WORK INSTRUCTION » In the entries below, find the line with "- 小孩:怕熱且容易踢被,建議使用薄被搭配睡袋式保暖。" and the line with "1.삼성전자 59,000원 ▼ -0.34% (KOSPI, 005930)"; reproduce those two lines and all lines between them exactly, without pictures.

━━━ INPUT DATA

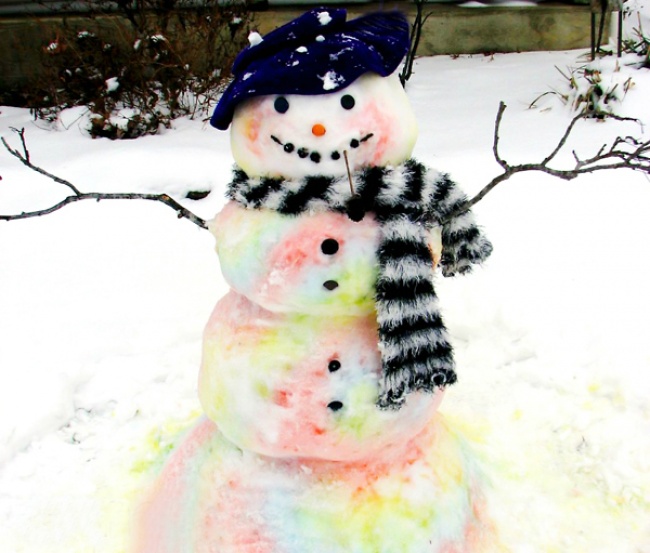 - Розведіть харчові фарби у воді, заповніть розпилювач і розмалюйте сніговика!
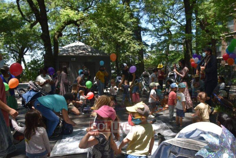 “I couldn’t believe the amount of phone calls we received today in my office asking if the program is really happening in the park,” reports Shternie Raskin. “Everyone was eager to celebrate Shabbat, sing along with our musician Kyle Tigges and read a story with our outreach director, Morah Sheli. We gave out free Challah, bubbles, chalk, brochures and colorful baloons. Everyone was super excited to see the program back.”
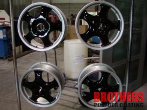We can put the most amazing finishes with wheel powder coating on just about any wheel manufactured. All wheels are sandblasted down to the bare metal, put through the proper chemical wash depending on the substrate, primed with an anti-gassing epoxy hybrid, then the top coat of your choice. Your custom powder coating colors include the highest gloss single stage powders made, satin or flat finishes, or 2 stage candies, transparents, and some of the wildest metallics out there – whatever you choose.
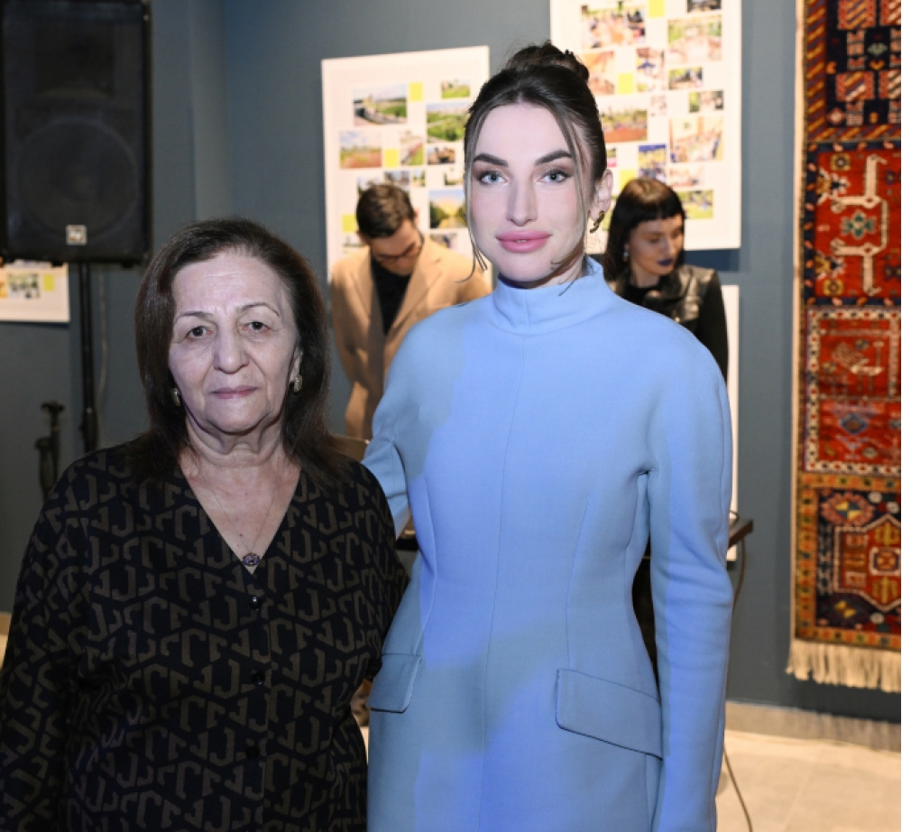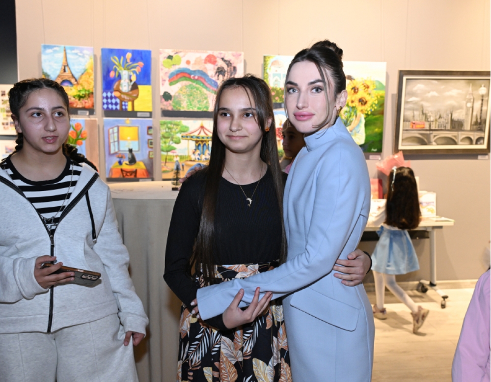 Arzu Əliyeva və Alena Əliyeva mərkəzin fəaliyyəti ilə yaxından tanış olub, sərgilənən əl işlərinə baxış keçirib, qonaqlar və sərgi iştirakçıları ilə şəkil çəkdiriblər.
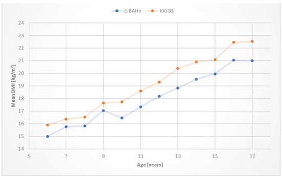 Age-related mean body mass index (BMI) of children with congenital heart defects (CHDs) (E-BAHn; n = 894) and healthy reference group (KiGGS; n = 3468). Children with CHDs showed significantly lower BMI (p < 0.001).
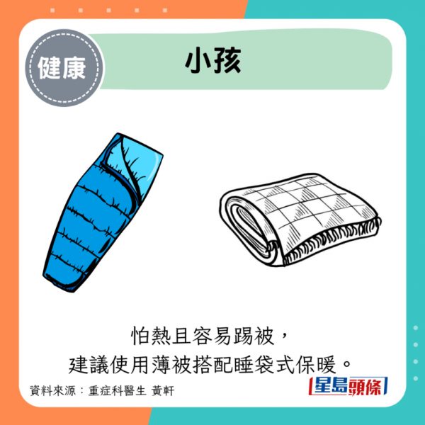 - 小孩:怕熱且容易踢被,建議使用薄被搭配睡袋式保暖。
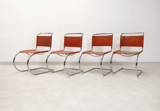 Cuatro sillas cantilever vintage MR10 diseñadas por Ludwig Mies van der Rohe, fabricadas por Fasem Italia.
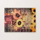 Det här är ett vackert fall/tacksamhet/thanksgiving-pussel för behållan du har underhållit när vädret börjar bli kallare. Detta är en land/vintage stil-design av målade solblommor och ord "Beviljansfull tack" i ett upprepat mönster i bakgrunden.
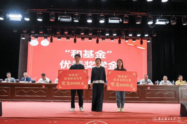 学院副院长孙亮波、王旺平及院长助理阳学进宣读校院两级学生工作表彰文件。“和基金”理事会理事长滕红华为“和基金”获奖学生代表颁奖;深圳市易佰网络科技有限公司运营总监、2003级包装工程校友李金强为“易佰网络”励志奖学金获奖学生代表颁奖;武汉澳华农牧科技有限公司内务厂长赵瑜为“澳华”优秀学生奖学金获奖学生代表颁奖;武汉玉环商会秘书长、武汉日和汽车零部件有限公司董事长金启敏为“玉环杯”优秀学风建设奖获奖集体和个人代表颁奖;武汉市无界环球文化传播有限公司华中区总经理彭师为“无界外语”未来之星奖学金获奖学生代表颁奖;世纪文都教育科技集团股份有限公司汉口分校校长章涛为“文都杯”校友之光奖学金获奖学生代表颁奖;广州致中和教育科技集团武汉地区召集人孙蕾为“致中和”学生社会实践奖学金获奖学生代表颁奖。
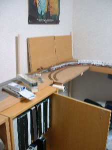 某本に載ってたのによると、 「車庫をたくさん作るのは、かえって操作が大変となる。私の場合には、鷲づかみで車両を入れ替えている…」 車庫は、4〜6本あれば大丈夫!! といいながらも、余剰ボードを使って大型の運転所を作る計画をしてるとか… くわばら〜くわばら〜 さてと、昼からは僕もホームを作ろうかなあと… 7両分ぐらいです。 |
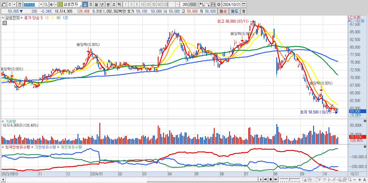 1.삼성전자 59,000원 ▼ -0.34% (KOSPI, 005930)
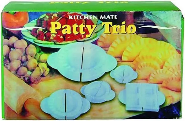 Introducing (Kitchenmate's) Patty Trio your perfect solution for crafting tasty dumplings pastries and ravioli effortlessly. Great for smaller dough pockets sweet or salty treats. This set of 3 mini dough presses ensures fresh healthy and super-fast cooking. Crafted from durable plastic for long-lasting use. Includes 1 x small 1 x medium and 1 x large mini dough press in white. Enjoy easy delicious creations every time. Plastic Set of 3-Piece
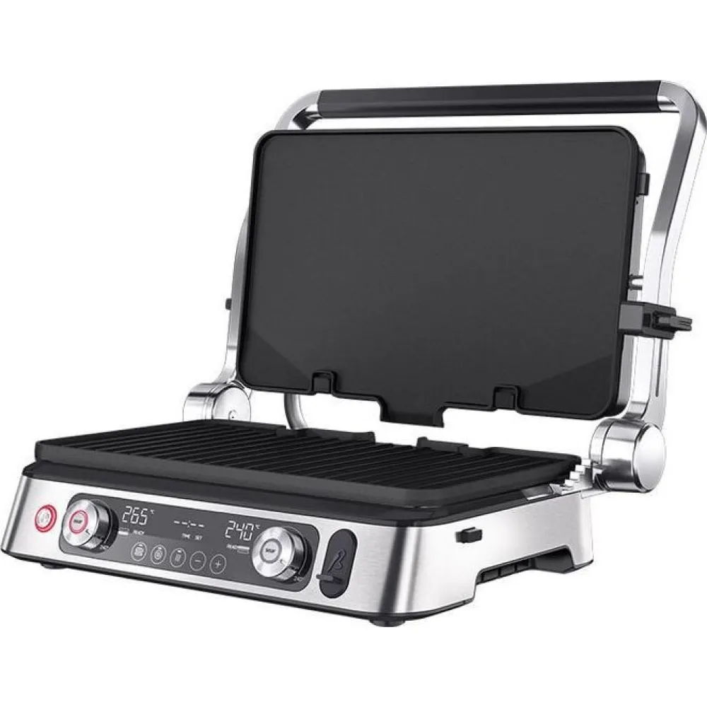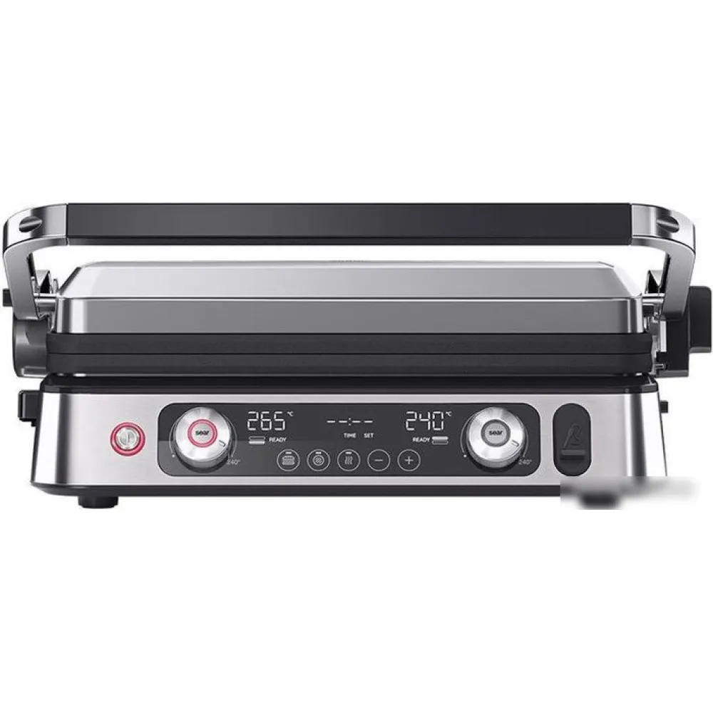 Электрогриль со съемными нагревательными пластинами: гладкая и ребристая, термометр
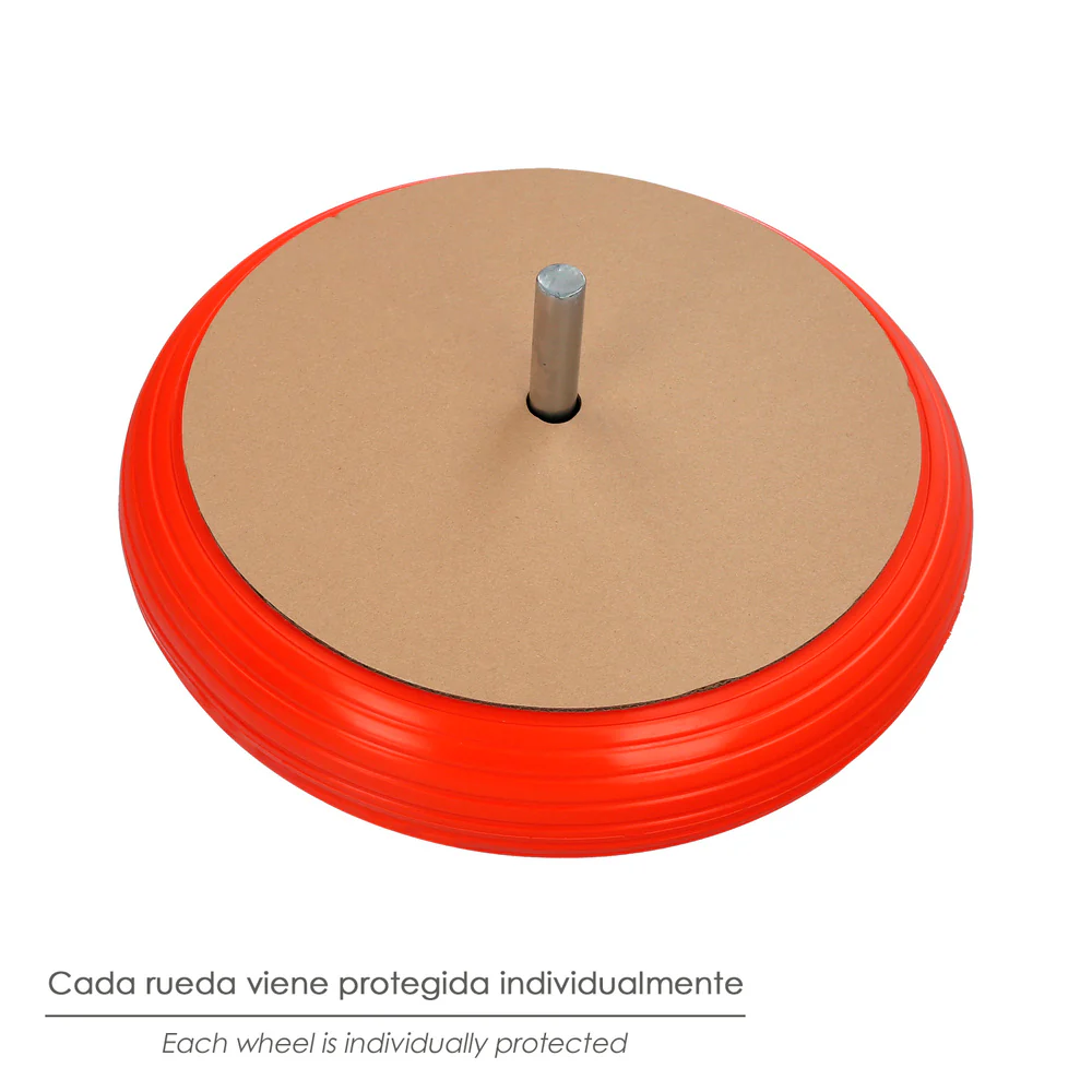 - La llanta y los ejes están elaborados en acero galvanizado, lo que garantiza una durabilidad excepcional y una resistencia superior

━━━━━━

RESPONSE »
 - 小孩:怕熱且容易踢被,建議使用薄被搭配睡袋式保暖。
 Cuatro sillas cantilever vintage MR10 diseñadas por Ludwig Mies van der Rohe, fabricadas por Fasem Italia.
 Det här är ett vackert fall/tacksamhet/thanksgiving-pussel för behållan du har underhållit när vädret börjar bli kallare. Detta är en land/vintage stil-design av målade solblommor och ord "Beviljansfull tack" i ett upprepat mönster i bakgrunden.
 学院副院长孙亮波、王旺平及院长助理阳学进宣读校院两级学生工作表彰文件。“和基金”理事会理事长滕红华为“和基金”获奖学生代表颁奖;深圳市易佰网络科技有限公司运营总监、2003级包装工程校友李金强为“易佰网络”励志奖学金获奖学生代表颁奖;武汉澳华农牧科技有限公司内务厂长赵瑜为“澳华”优秀学生奖学金获奖学生代表颁奖;武汉玉环商会秘书长、武汉日和汽车零部件有限公司董事长金启敏为“玉环杯”优秀学风建设奖获奖集体和个人代表颁奖;武汉市无界环球文化传播有限公司华中区总经理彭师为“无界外语”未来之星奖学金获奖学生代表颁奖;世纪文都教育科技集团股份有限公司汉口分校校长章涛为“文都杯”校友之光奖学金获奖学生代表颁奖;广州致中和教育科技集团武汉地区召集人孙蕾为“致中和”学生社会实践奖学金获奖学生代表颁奖。
 某本に載ってたのによると、 「車庫をたくさん作るのは、かえって操作が大変となる。私の場合には、鷲づかみで車両を入れ替えている…」 車庫は、4〜6本あれば大丈夫!! といいながらも、余剰ボードを使って大型の運転所を作る計画をしてるとか… くわばら〜くわばら〜 さてと、昼からは僕もホームを作ろうかなあと… 7両分ぐらいです。 |
 1.삼성전자 59,000원 ▼ -0.34% (KOSPI, 005930)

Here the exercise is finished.